I'll talk a little about basic patternmaking concepts, then I'll show you how I made the pattern for the small bag we'll be making for the rest of the class. There is a lot of information in this lesson, so if you find it overwhelming, don't worry, you don't need to absorb everything I'm covering here in order to move forward in this class. You can absolutely just work with one of the two pattern variations I created (which are available for download in the next lesson). Whenever you're ready to make your own patterns, this information will be here for you.

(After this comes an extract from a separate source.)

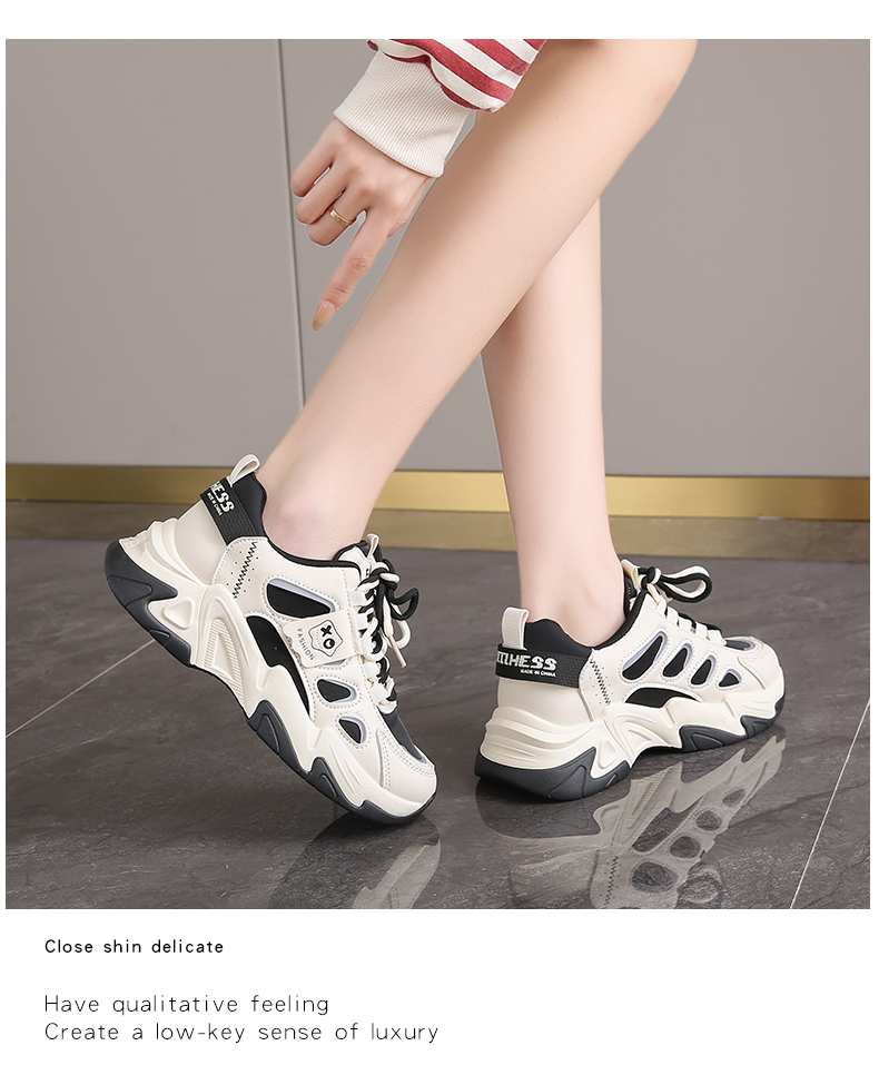 soft sole Women's Dad Shoes Spring and Autumn 2025 New Popular Style Makes Feet Look Smaller Size 34 Sports Casual Shoes Leather Versatile

In this lesson I'll be using:

  • Pattern paper or big sheets of semi translucent paper (marker paper works too)
  • Pencil and eraser
  • Colored pencils
  • Clear ruler
  • Cloth tape measure
  • Paper scissors
  • Overstitch wheel
  • French curve
  • Scotch tape
  • Adobe Illustrator or another vector design program like Autodesk Graphic
  • Printer or access to somewhere you can print files
  • Step 1: Anatomy of a Pattern

    A pattern is a two dimensional template that has all the information you need to cut specific shapes out of a flat material that can be assembled to form a design. A leather pattern usually includes the following information:

    Cut Lines: the lines on a pattern that indicate where you need to cut your leather, these are usually the outside borders of the pattern, but may include internal cut-outs as well. In my patterns, cutting lines will always be indicated by solid black lines.

    Sewing Lines: internal lines on a pattern that indicate where two or more pieces are going to be joined by a line of stitching. On my digitized patterns, these lines are always indicated by dotted lines or lines of tiny circles.

    Fold Lines: internal lines on a pattern that indicate where your leather will be folded and creased as you assemble your design. On my digitized patterns, fold lines are shown in red.

    Seam Allowance: in order to sew, glue or rivet leather pieces together we need to leave room between the sewing line or other attachment point and the edge of the leather. This space is called a seam allowance. The width of seam allowances can vary based on design and materials.

    Holes: black circles on my patterns show thethe placement of holes that need to be punched for rivets, snaps, buckles etc.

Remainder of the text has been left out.